→ **Data for this task**:
+++

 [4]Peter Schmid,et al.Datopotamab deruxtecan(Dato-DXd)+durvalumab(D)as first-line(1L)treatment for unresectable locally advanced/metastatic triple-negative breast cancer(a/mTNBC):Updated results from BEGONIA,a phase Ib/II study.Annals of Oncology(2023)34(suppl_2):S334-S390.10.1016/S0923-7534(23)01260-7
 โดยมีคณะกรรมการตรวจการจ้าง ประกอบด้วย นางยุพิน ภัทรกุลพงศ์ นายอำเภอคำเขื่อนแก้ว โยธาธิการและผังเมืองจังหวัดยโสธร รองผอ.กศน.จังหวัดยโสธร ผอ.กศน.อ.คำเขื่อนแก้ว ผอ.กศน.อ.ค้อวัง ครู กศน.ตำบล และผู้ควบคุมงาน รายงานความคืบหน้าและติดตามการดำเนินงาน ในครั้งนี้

+++

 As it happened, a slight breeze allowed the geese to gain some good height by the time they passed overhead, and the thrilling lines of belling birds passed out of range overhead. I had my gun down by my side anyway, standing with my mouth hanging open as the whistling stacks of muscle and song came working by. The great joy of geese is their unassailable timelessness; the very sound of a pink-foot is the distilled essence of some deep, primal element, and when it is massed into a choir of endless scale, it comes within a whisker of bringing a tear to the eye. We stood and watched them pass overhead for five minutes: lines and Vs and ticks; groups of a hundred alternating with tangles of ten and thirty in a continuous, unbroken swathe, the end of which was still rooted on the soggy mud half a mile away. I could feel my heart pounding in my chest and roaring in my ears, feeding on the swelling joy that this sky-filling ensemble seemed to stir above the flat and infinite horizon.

+++

→ **Work instruction**: With the line that has "[4]Peter Schmid,et al.Datopotamab" as the first and the line that has "โดยมีคณะกรรมการตรวจการจ้าง ประกอบด้วย นางยุพิน" as the last, repeat exactly that run of lines above and no more.

→ **Answer to this problem**:
 [4]Peter Schmid,et al.Datopotamab deruxtecan(Dato-DXd)+durvalumab(D)as first-line(1L)treatment for unresectable locally advanced/metastatic triple-negative breast cancer(a/mTNBC):Updated results from BEGONIA,a phase Ib/II study.Annals of Oncology(2023)34(suppl_2):S334-S390.10.1016/S0923-7534(23)01260-7
 โดยมีคณะกรรมการตรวจการจ้าง ประกอบด้วย นางยุพิน ภัทรกุลพงศ์ นายอำเภอคำเขื่อนแก้ว โยธาธิการและผังเมืองจังหวัดยโสธร รองผอ.กศน.จังหวัดยโสธร ผอ.กศน.อ.คำเขื่อนแก้ว ผอ.กศน.อ.ค้อวัง ครู กศน.ตำบล และผู้ควบคุมงาน รายงานความคืบหน้าและติดตามการดำเนินงาน ในครั้งนี้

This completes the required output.